The answer is the exact run of lines in the listing below from the line containing "The most distinguishing" up to and including the line containing "Pent brukt jakke/cardigan", with pictures removed.

▶ Provided records
# # # # # # #

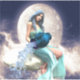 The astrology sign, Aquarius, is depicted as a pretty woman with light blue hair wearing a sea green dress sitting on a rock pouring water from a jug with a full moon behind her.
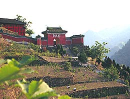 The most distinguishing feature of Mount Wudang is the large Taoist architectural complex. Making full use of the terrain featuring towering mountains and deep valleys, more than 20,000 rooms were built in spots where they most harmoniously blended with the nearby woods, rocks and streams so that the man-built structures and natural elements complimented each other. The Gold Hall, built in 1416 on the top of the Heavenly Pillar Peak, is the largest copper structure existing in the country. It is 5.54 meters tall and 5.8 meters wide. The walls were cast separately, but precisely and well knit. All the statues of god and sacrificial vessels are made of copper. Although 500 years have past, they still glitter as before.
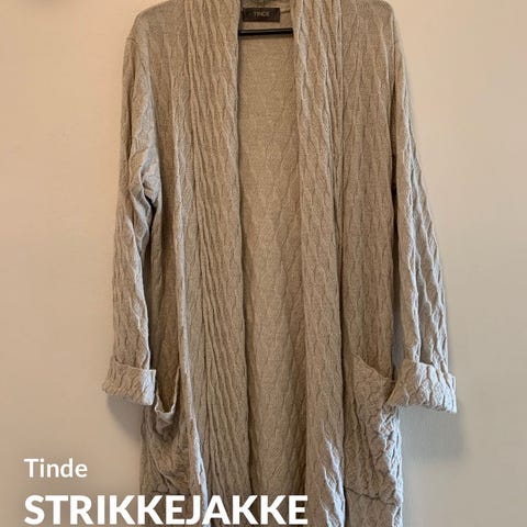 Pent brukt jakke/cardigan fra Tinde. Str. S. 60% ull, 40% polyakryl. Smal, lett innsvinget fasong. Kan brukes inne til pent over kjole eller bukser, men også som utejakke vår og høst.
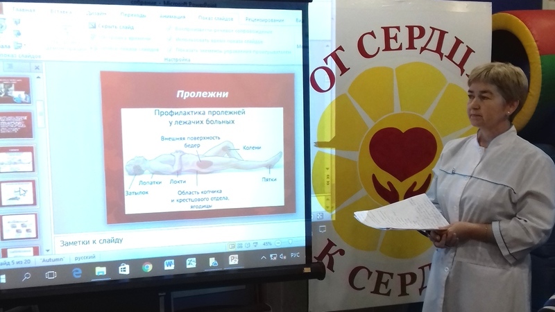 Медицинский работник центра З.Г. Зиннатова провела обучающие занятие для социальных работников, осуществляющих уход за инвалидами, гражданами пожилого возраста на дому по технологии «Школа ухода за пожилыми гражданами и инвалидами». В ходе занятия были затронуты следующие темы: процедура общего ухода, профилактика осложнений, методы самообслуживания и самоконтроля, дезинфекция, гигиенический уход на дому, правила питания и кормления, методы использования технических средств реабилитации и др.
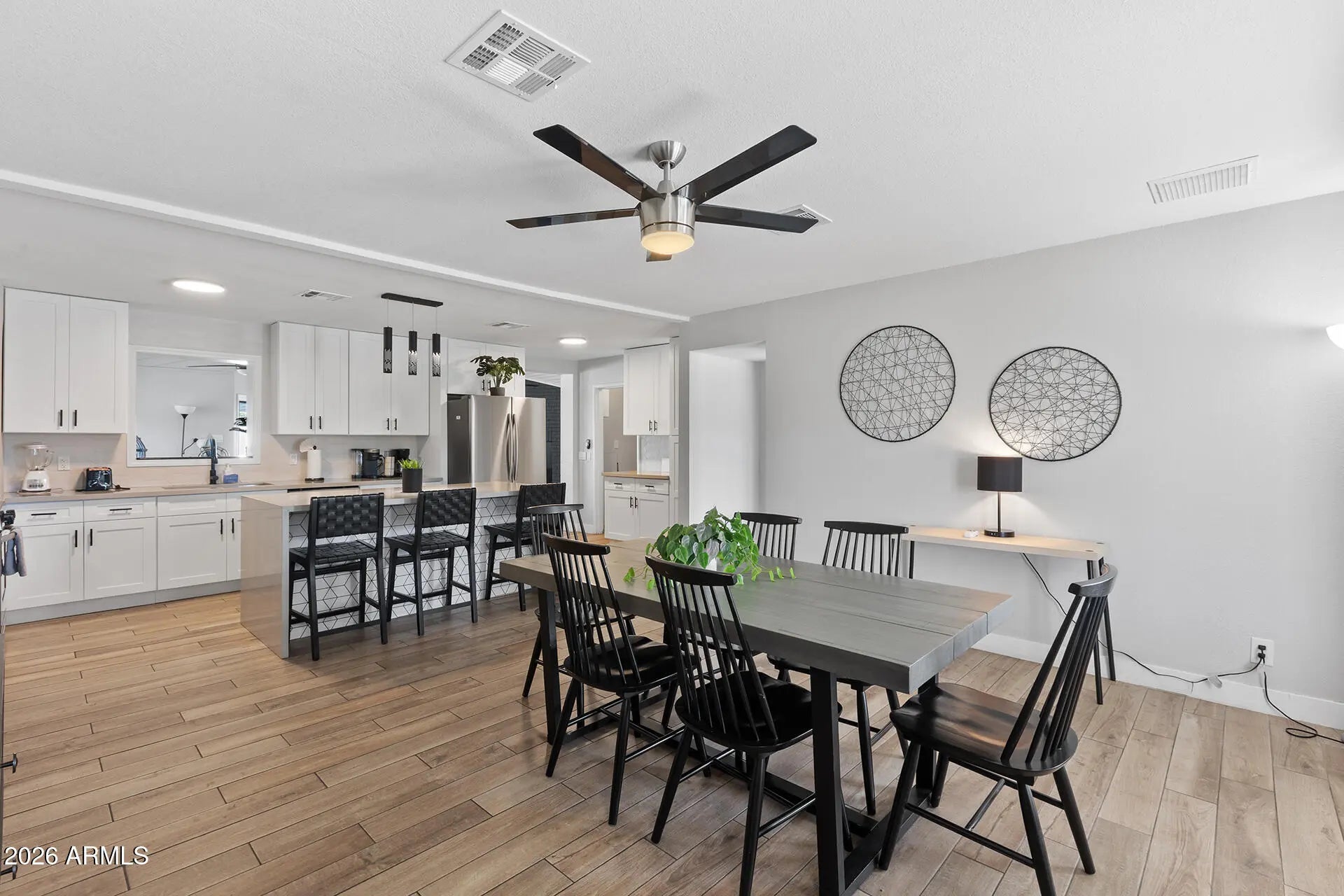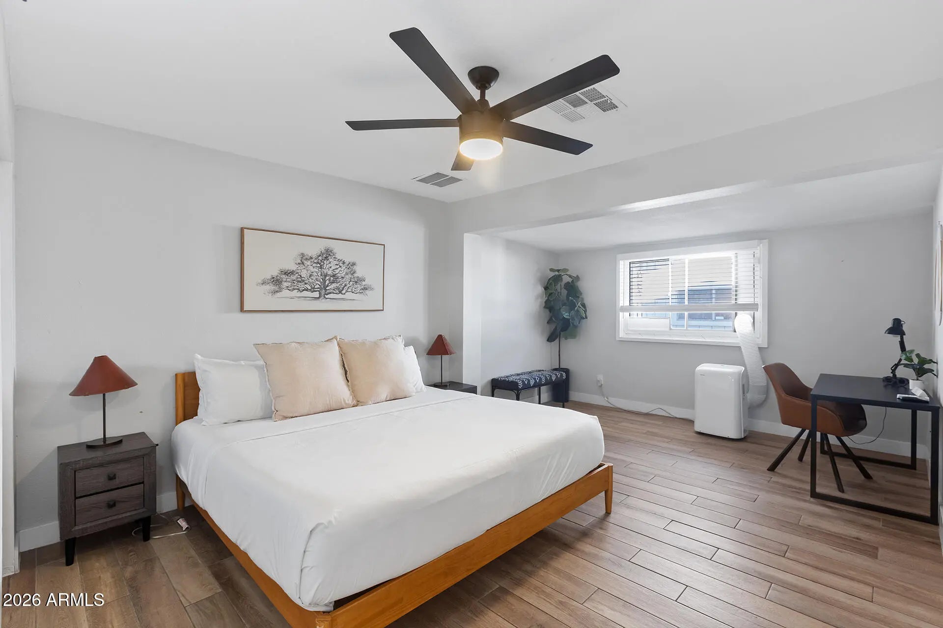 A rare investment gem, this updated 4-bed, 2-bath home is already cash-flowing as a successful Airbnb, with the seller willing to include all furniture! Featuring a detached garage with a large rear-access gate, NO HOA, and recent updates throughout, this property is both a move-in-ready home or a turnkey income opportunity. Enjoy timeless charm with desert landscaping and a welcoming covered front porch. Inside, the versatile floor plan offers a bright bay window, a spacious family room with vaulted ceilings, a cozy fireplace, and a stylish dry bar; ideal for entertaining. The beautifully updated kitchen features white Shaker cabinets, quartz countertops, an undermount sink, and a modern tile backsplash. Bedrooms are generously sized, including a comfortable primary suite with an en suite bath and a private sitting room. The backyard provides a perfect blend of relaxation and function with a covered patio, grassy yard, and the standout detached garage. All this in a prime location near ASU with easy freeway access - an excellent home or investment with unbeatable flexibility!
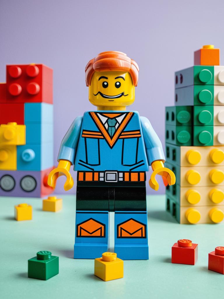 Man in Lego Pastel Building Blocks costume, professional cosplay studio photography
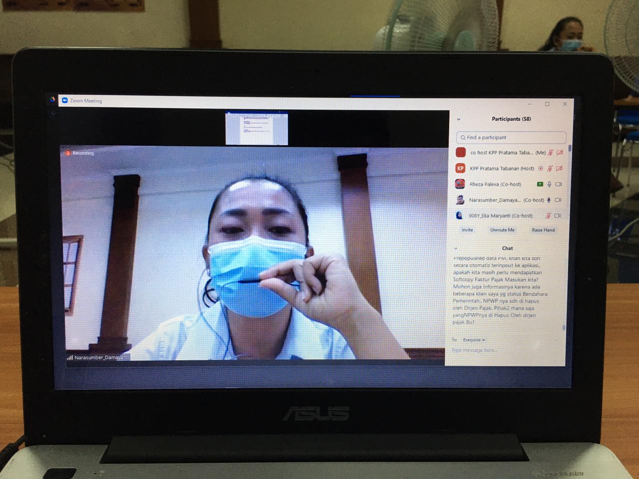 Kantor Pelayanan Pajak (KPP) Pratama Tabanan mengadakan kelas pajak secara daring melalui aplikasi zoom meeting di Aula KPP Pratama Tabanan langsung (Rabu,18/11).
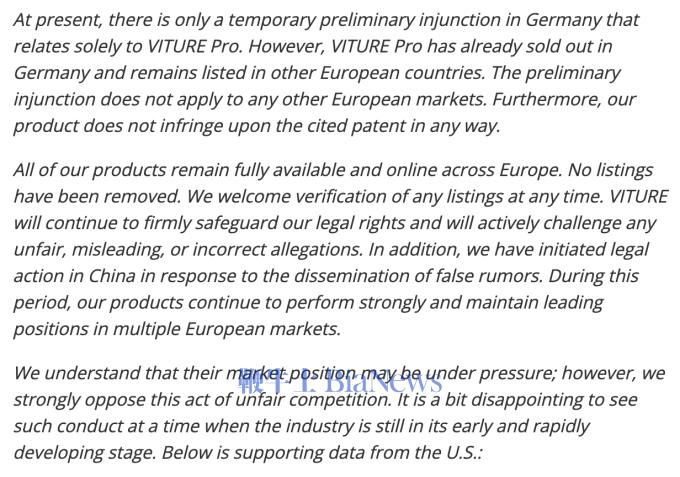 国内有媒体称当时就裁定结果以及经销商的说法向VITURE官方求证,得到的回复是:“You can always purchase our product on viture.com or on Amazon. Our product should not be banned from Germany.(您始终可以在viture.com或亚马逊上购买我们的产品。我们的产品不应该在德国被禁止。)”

# # # # # # #

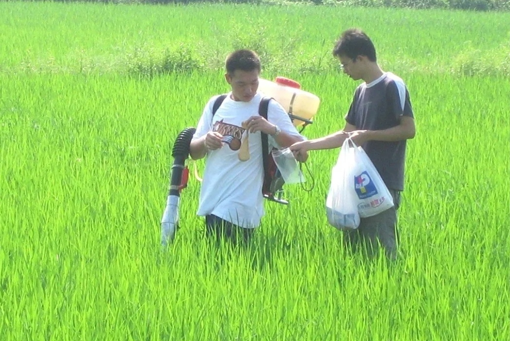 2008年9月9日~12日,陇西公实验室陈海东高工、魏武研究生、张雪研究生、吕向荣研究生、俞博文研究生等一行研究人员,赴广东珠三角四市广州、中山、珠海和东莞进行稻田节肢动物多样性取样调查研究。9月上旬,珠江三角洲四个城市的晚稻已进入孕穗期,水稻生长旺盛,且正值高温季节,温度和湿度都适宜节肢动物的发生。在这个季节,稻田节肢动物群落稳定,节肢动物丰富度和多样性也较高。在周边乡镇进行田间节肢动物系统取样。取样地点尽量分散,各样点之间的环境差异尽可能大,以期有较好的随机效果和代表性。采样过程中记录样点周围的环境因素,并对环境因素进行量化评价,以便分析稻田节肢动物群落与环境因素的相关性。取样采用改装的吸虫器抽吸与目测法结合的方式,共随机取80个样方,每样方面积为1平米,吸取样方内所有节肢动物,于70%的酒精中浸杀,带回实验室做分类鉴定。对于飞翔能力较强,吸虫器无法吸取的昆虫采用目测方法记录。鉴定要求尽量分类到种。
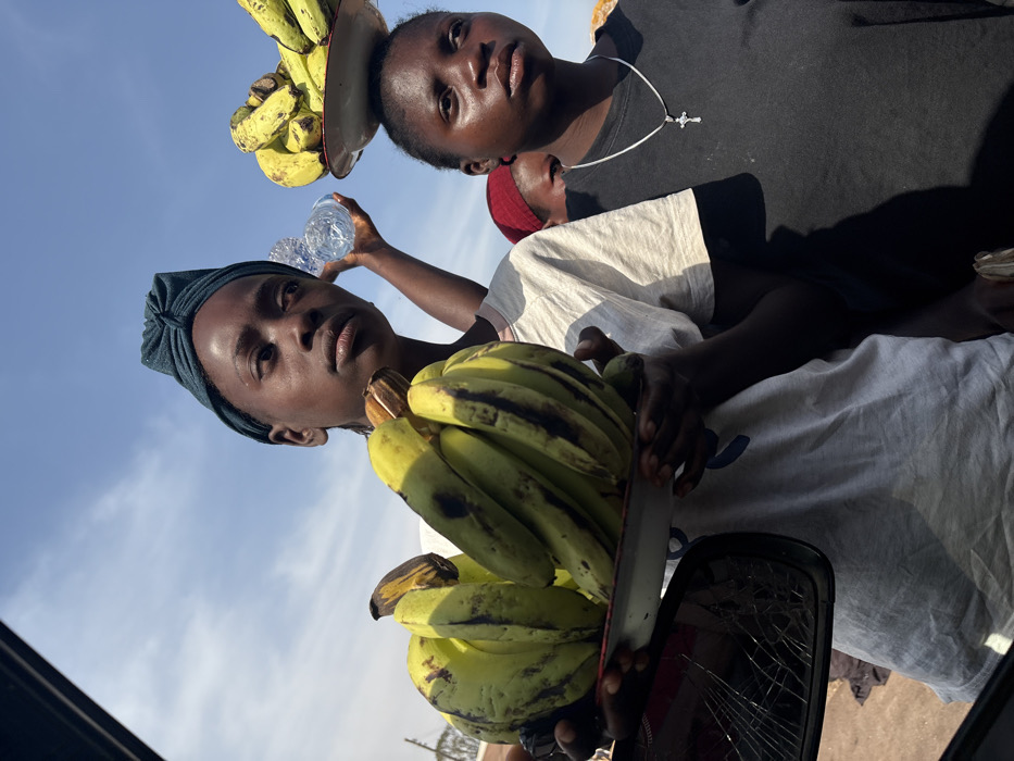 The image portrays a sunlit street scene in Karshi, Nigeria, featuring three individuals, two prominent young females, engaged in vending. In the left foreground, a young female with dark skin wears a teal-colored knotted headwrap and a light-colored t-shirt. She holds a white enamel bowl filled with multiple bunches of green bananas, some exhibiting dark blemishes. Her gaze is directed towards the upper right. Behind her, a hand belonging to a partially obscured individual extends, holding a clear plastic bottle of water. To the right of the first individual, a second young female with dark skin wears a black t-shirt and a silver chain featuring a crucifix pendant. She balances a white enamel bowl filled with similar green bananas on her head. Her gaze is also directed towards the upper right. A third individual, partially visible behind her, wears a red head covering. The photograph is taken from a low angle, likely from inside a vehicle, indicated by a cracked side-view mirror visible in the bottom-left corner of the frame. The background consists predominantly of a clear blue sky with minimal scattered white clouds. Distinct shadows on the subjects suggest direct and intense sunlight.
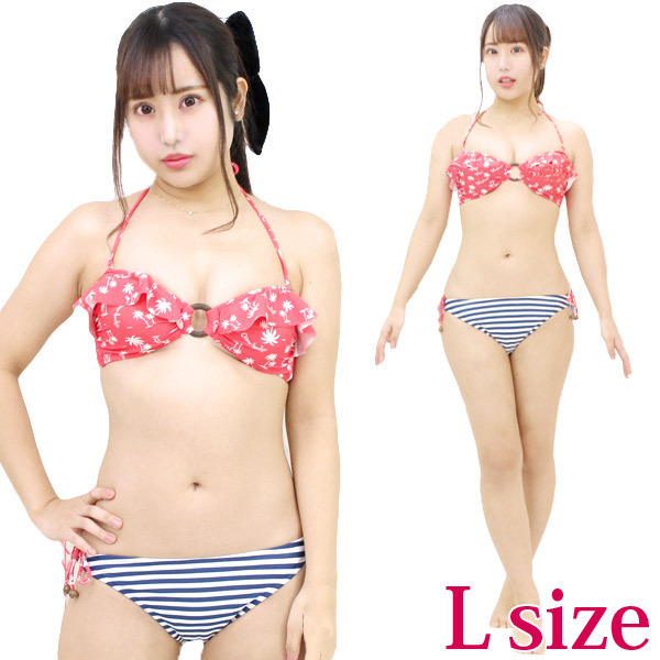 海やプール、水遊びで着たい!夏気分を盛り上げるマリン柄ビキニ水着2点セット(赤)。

# # # # # # #

▶ Expected answer
 The most distinguishing feature of Mount Wudang is the large Taoist architectural complex. Making full use of the terrain featuring towering mountains and deep valleys, more than 20,000 rooms were built in spots where they most harmoniously blended with the nearby woods, rocks and streams so that the man-built structures and natural elements complimented each other. The Gold Hall, built in 1416 on the top of the Heavenly Pillar Peak, is the largest copper structure existing in the country. It is 5.54 meters tall and 5.8 meters wide. The walls were cast separately, but precisely and well knit. All the statues of god and sacrificial vessels are made of copper. Although 500 years have past, they still glitter as before.
 Pent brukt jakke/cardigan fra Tinde. Str. S. 60% ull, 40% polyakryl. Smal, lett innsvinget fasong. Kan brukes inne til pent over kjole eller bukser, men også som utejakke vår og høst.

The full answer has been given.